Processors can also be defined by inheriting from the `processor.Processor`
class and implementing the `call(..)` method. This is the recommended method if
the Processor requires a persistent state or is parameterized.

In [None]:
from genai_processors.core import preamble


class SimpleTextProcessor(processor.Processor):

  def __init__(self, eos_string: str):
    self._eos = eos_string
    # Preamble adds a prefix to a content stream.
    self._preamble = preamble.Preamble("Starting. ")

  async def call(
      self,
      content: AsyncIterable[content_api.ProcessorPart],
  ) -> AsyncIterable[content_api.ProcessorPart]:
    """Replaces dots with '[EoS]'."""
    async for part in self._preamble(content):
      if content_api.is_text(part.mimetype):
        yield content_api.ProcessorPart(part.text.replace(".", self._eos))
      else:
        yield part

## 4. ‚ñ∂Ô∏è Applying a Processor

You can apply a Processor to an input stream by iterating over the Processor
directly with `async for` for asynchronous execution.

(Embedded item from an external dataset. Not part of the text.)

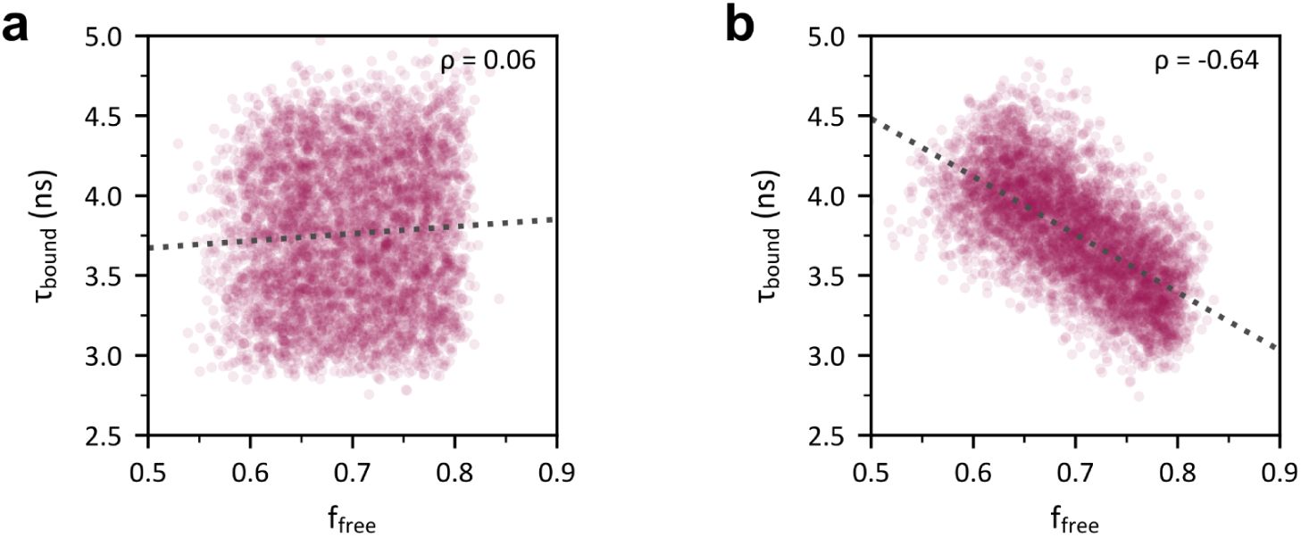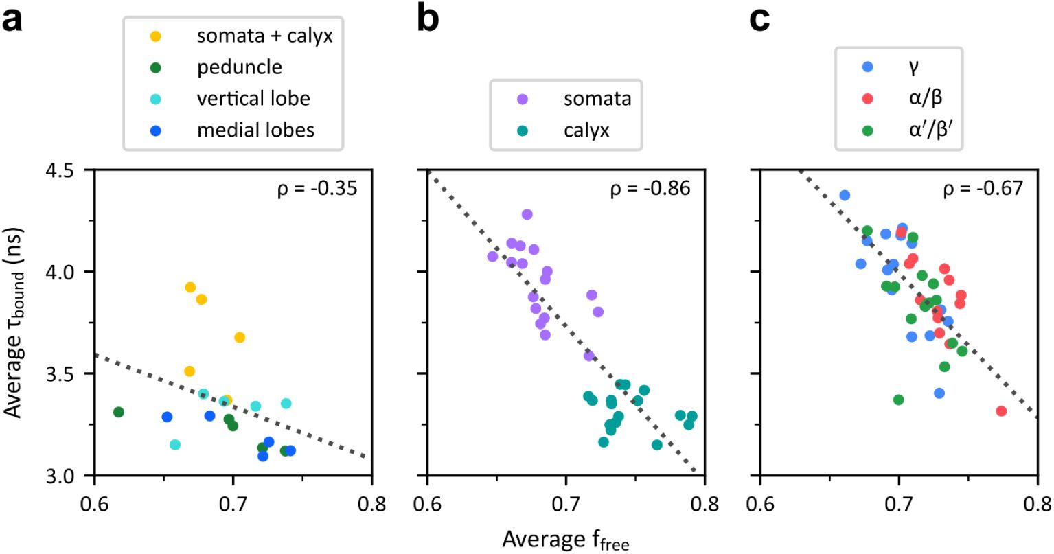 Measures of ffree and τbound were notably anticorrelated in the posterior part of the MB (Sup. Figure 8). The anticorrelation between these parameters can be qualitatively observed in several studies (Bird et al., 2005; Skala et al., 2007; Wetzker and Reinhardt, 2019; Yang et al., 2021). Multi-exponential fitting has been reported to potentially introduce artificial correlations between parameter estimates (Grinvald and Steinberg, 1974; Johnson, 2000). Through simulation, we confirmed that the relationship observed in our data was not an artifact of the fitting process (see Supplementary information and Sup. Figure 9), supporting the hypothesis of its biological origin.

This is the recommended
way.

In this notebook, we often use the utility `streams.stream_content` to create an
input stream from a list of `ProcessorPartTypes`, which includes
`ProcessorParts` but also generic types like `str` or `bytes`. We will see later
in the *Working with Streams and AsyncIterables* section how to create input
streams in more advanced setups.

### Asynchronous Application [recommended]

In [None]:
import asyncio
from genai_processors import streams

input_parts = ["Hello", "World"]
input_stream = streams.stream_content(input_parts)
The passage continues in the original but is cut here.